Geysers are among the
most popular attractions at Yellowstone National Park. A geyser is a vertical
hole in the ground that gradually fills with water and leads down to a source
of volcanic heat. After a dormant period of minutes or hours, water comes
rushing up out of the hole and sprays vigorously into the sky. A geyser is a
spectacular heat engine and it functions in part through the use of water's
material phases.
1. After it erupts, the geyser's hole refills with water so that the water forms a tall, narrow, vertical column in a solid rock "pipe." The rocks at the bottom of this pipe are volcanically heated and heat flows from those rocks into the water. The temperature of water at the base of the pipe soon exceeds 100 °C, yet the water doesn't boil. Explain why the water doesn't boil.

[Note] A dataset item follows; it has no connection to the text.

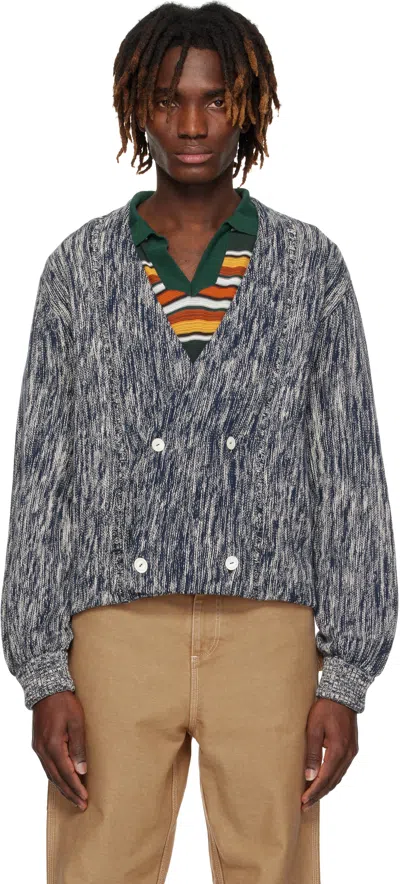 Navy Double-breasted Cardigan In Marled Blue
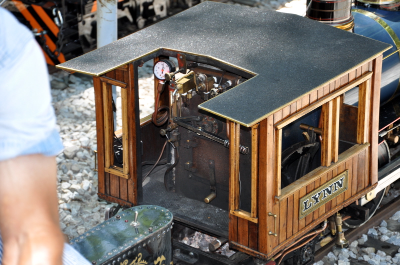 Lois and Frank Smoley, sitting on the bench, watch the activities as the trains come into the station to unload their passengers. A view over Skip's shoulder of the backhead on "Lynn" showing some of the valves, controls and the water gauge that he has to monitor. |

2. Eventually water at the base of the pipe does begin to boil. When this occurs, the steam bubbles push a little of the water out of the pipe's top, where it trickles down around the opening of the geyser. After a few seconds of this trickling, the geyser erupts violently, spraying water high into the air. Why did losing just a little bit of water from the top of the pipe cause this sudden and dramatic eruption?
3. The geyser is certainly a heat engine--it uses the flow of heat from hot rocks to cold air to do the work of tossing water high into the air. Evidently, some thermal energy from the rocks is being converted into work. Explain the process in which that thermal energy is converted to work, showing both that work is done on the water and that thermal energy is used up while doing that work.
4. When a geyser has finished spraying out water, it releases a great deal of an invisible gas that quickly turns into white clouds once it enters the air. What is that invisible gas?
Most ski resorts have
snowmaking equipment to carry them through periods of low precipitation. While
there are a number of ways to produce snow particles out of water, the most
common scheme involves mixing water and compressed air as they spray out
through nozzles into the cold night air. The compressed air helps to break up
the water into tiny droplets and project those droplets high into the air, but
it has other effects as well.
5. To make the compressed air, a ski resort squeezes ordinary outdoor air to approximately 8 times its normal density. How does this process affect the air's pressure and temperature?
6. The compressed air then passes through a heat exchanger that allows it to reach thermal equilibrium with the outdoor air. In the process, a great deal of liquid water condenses out of the compressed air and is removed so that it doesn't ice up the pipes as the compressed air travels up the mountains. Why does water condense out of the compressed air as that compressed air passes through the heat exchanger?
7. In the snowmaking machine itself, a nozzle sprays a jet of liquid water into the outdoor air. The water enters the nozzle at about 0 °C--its freezing temperature. Although the outdoor air is slightly below 0 °C, it takes a while for the water to freeze into ice. Why doesn't 0 °C water turn into ice immediately when exposed to air that's colder than 0 °C?
8. To speed the freezing process, the jet from the water nozzle mixes with the jet from a compressed air nozzle. Air spraying out of this second nozzle not only breaks up the water into tiny droplets, but it helps to cool and freeze those droplets as well. However, the compressed air and the water both enter their nozzles at the same temperature--about 0 °C. Explain how this expanding jet of compressed air is able to help chill the water jet.